[ale] Need Tractor Feed Dot Matrix printer

tfreeman at intel.digichem.net tfreeman at intel.digichem.net
Fri May 27 12:22:01 EDT 2005


On Fri, 27 May 2005, Michael H. Warfield wrote:

> On Fri, 2005-05-27 at 11:46 -0400, tfreeman at intel.digichem.net wrote:
> > On Fri, 27 May 2005, Sean Kilpatrick wrote:
> > 
> > > On Friday 27 May 2005 06:52 am, aaron wrote:
> > > | Your list of 1980's era computer contemporaries relying on Basic might 
> > > have 
> > > | also included the Texas Instruments Home Computer, the TI-99 (1981), 
> > > though 
> > > | those were 16 bit systems as well.
> > > 
> > > 
> > > Weren't the first Trash-80s 8-bit boxes? They came with the same
> > > cassette tape drives and low-density, single-sided, 5.25 floppy
> > > drives as the Commodores and the Ataris.
> 
> > As I recall, TRS-80 was considered an 8-bit system, as it was based upon 
> > the Z-80 processor.
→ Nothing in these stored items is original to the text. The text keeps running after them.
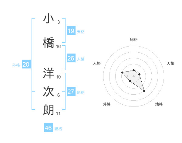 小橋 洋次朗さんを姓名の画数から五運を鑑定
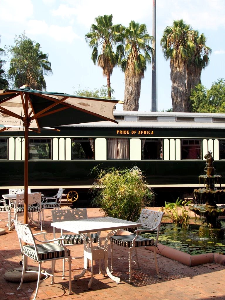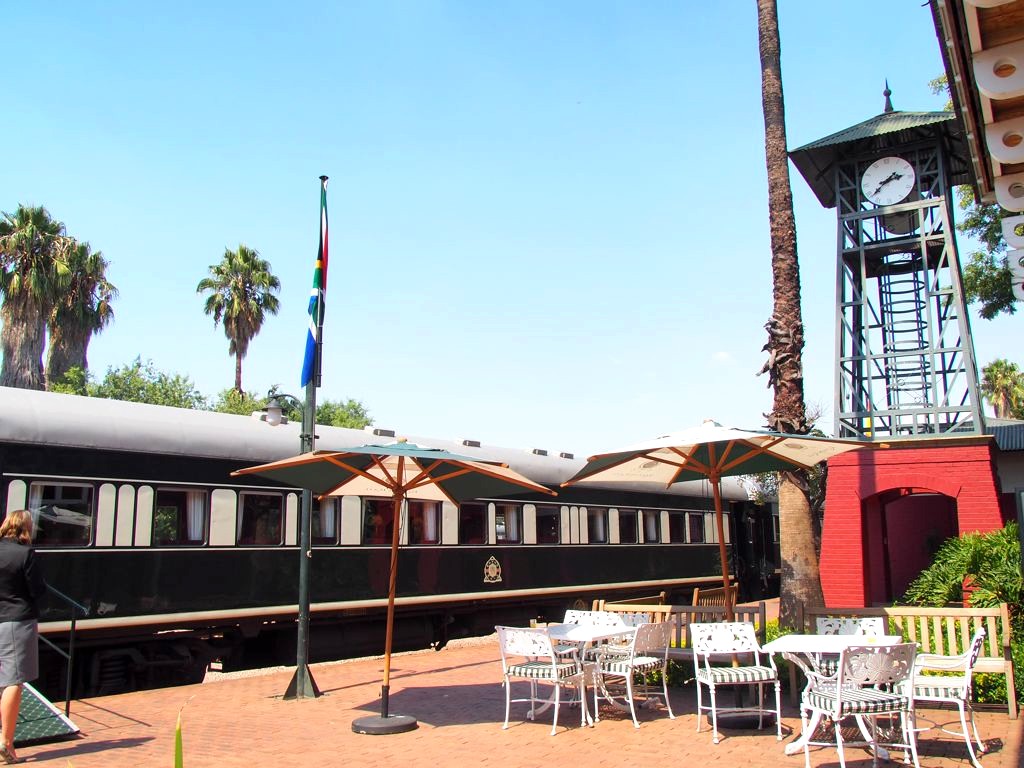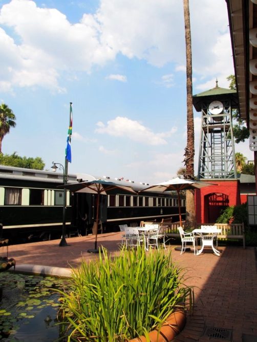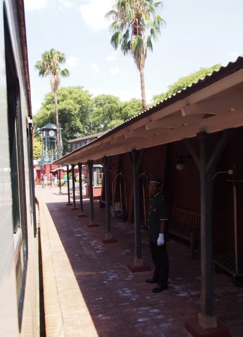 Rovos Rail dispose de sa propre gare privée à Pretoria. Juste avant notre arrivée, nous changeons de locomotive pour arriver en beauté avec une locomotive d’époque dans la gare datant des années 1910.
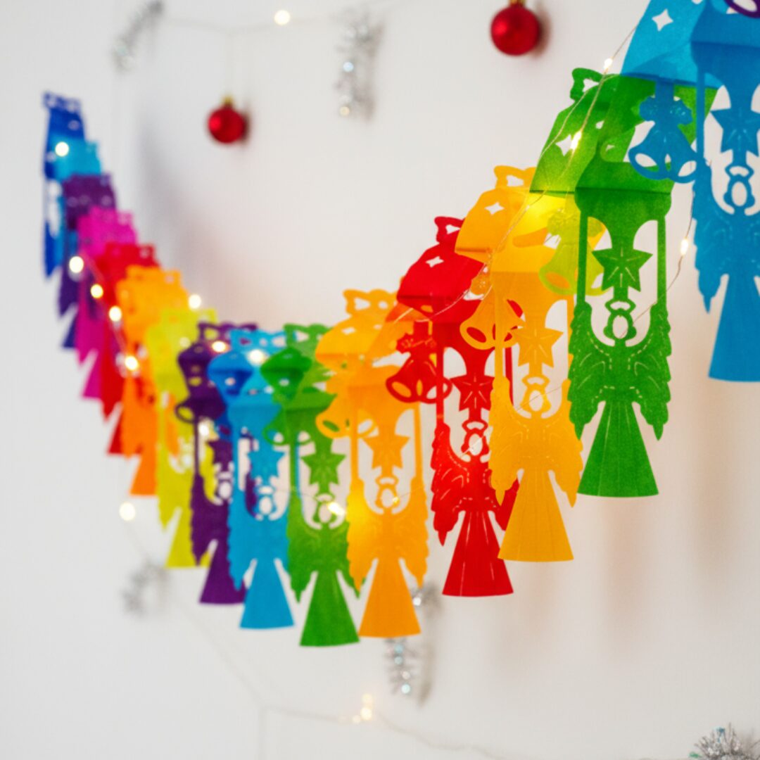 Festón desmontable de angelitos en papel china multicolor, práctico, ligero y fácil de ajustar a cualquier espacio.
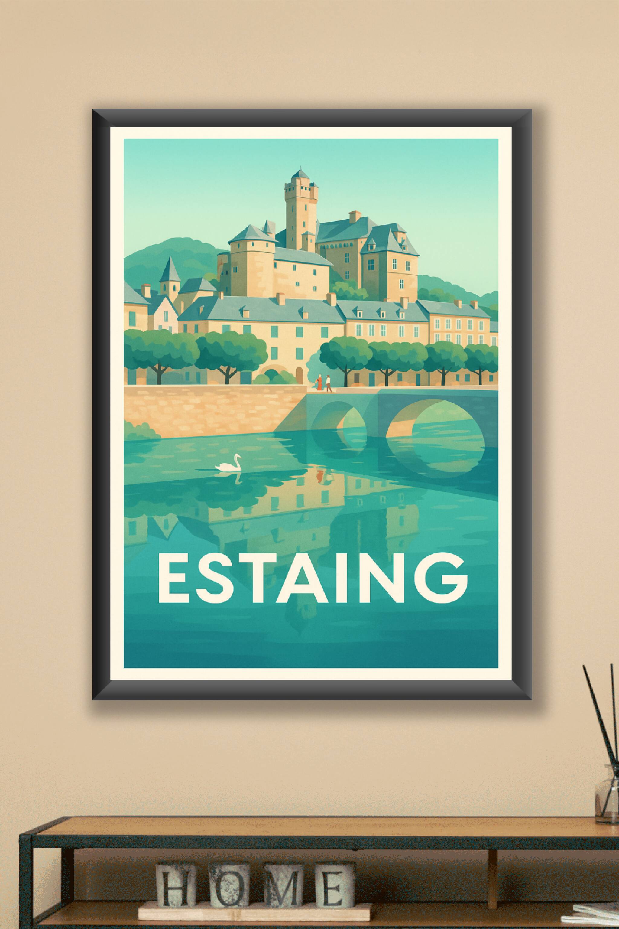 Découvrez le calme et la beauté du charmant village d'Estaing avec cette affiche illustrée aux couleurs douces et apaisantes. Le poster capture l'a...
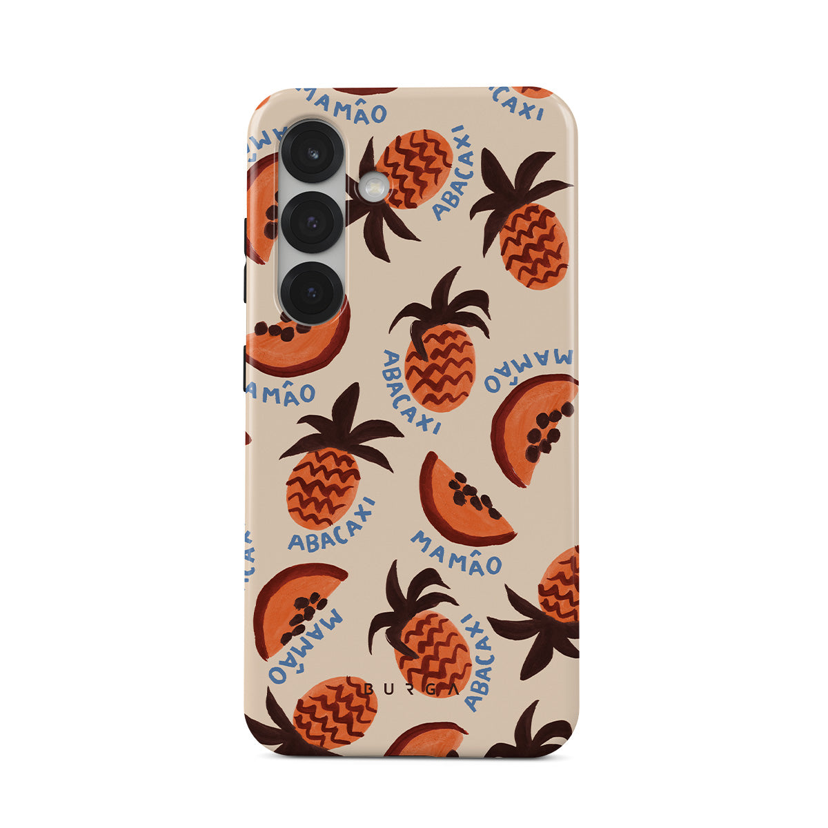 このデザインの特徴:パイナップルとパパイヤの果物、トロピカルパターン
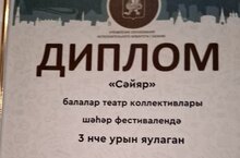 Накануне в театре им. Кариева подвели итоги детского творческого фестиваля «Сайяр». В фестивале приняли участие около 2,3 тыс. воспитанников из 78 школ и 110 детских садов. Конкурс состоял из трех этапов — муниципальный, районный, городской. В течение трех месяцев конкурсанты представили свои театральные постановки.Оценивали конкурсантов действующие актеры и артисты, театральные деятели. По итогам конкурса жюри присудило театральному коллективу нашего детского сада 3 место. Поздравляем наших юных артистов и руководителей театрального коллектива "Алтын алма" с такой значимой победой!
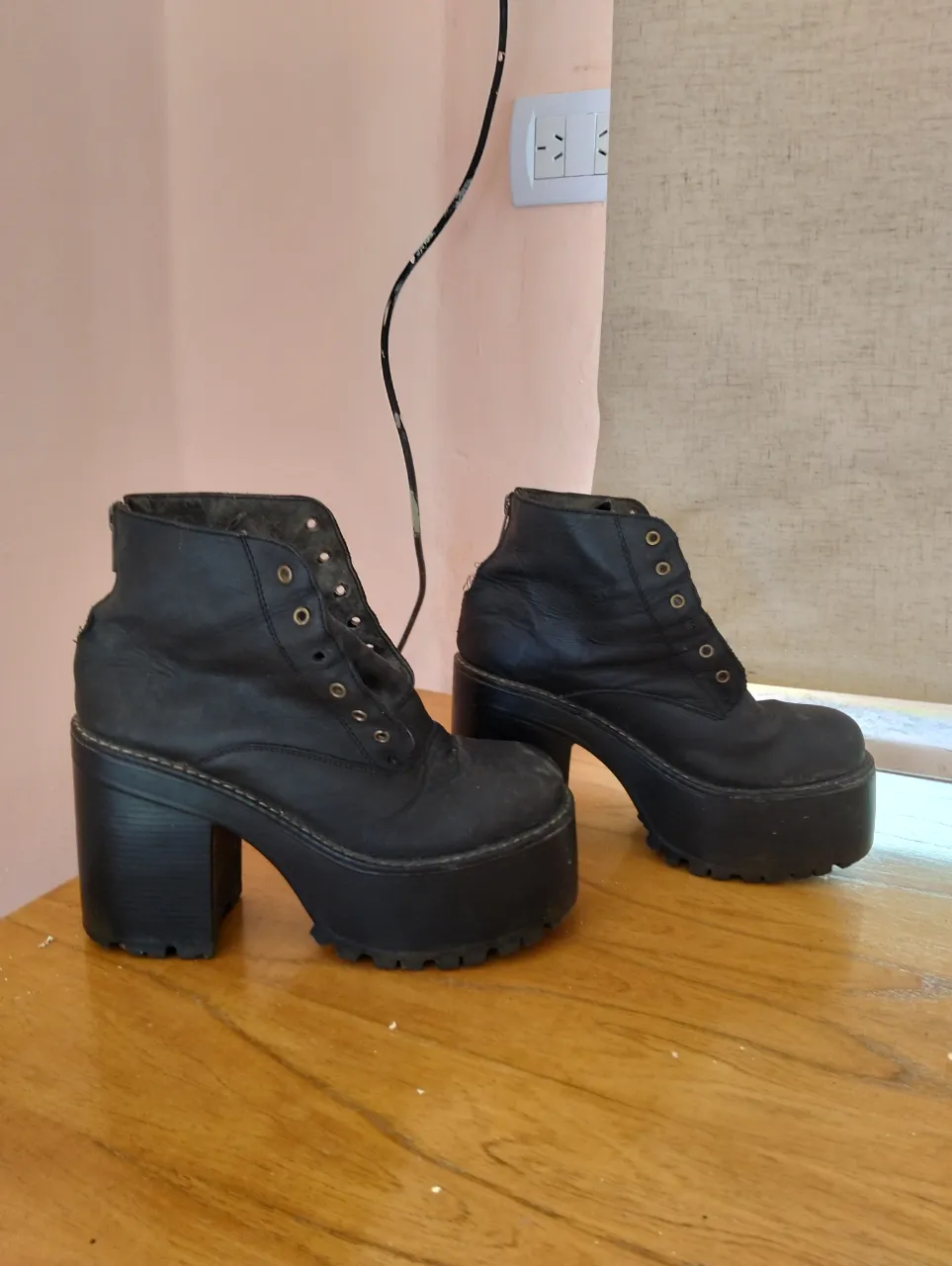 Botas de plataforma súper cancheras, ideales para darle un toque audaz a cualquier look. Tienen un diseño robusto con taco grueso y cierre lateral para mayor comodidad. Perfectas para destacar tu estilo.
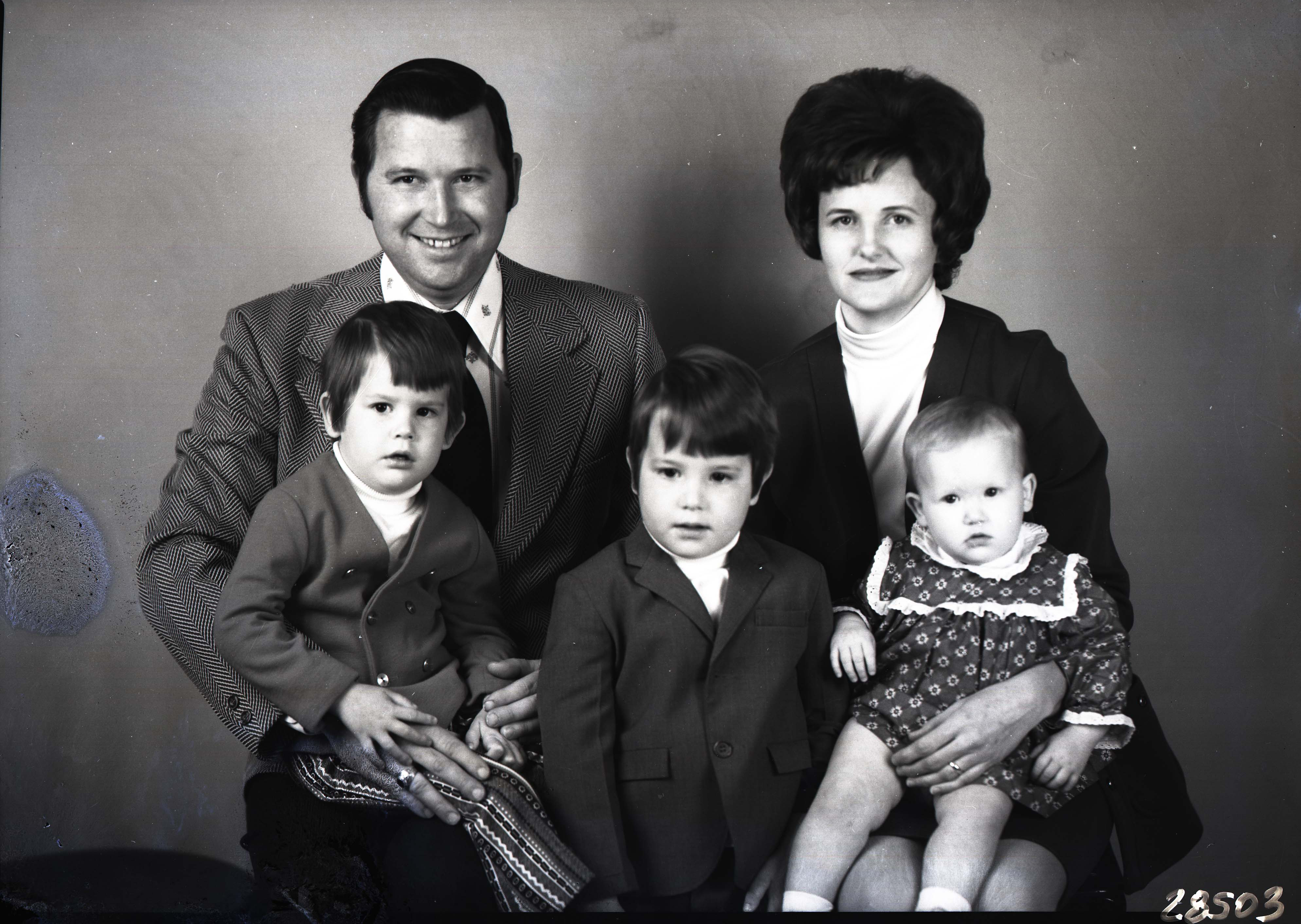 Photograph of Ronald "Ronnie" W. Rinker and his wife, Mary Ann (Zerkel) Rinker seated together with three young children, two boys and a girl, posed with them.
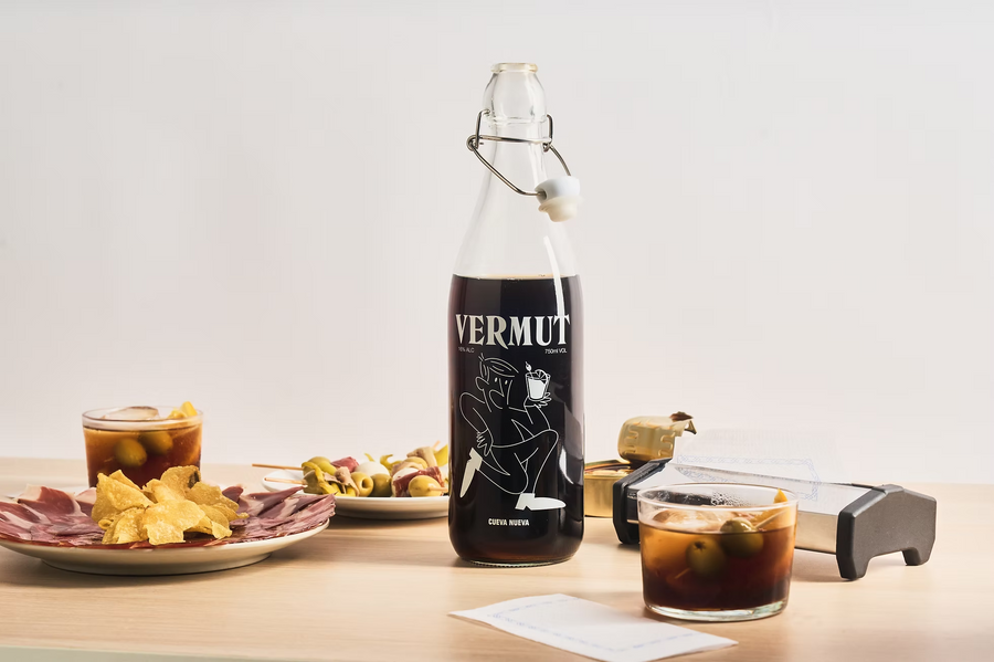 Cueva Nueva Vermut Rojo is a nod to the neighborhood tabernas that celebrate the tradition of la hora del vermut. Where drinkers gather for a collective moment to slow down, indulge in salty snacks, and enjoy rounds of vermut.

The earliest systems shipped with only cassette tape 
> > drives, with floppy drives available later. The Z-80 used an 8-bit word, 
> > but used 16 bit addressing. The processor of the Apple II was truely 
> > 8-bit, but that opens up a whole new can of wormy discussion. 8-).
> 
> 	The TRS-80 Coco (Color Computer), which was a different beast entirely,
> was a 6809 processor.  That was a 16 bit processor (internal) with an 8
> bit bus (external).  Later, you were able to get OS-9 for it (the "9" in
> OS-9 comes from the 680"9" for which it was designed though it was later
> ported to the 68000+ family line and is still a popular embedded OS).

Rats. I completely forgot about the Coco systems and OS-9.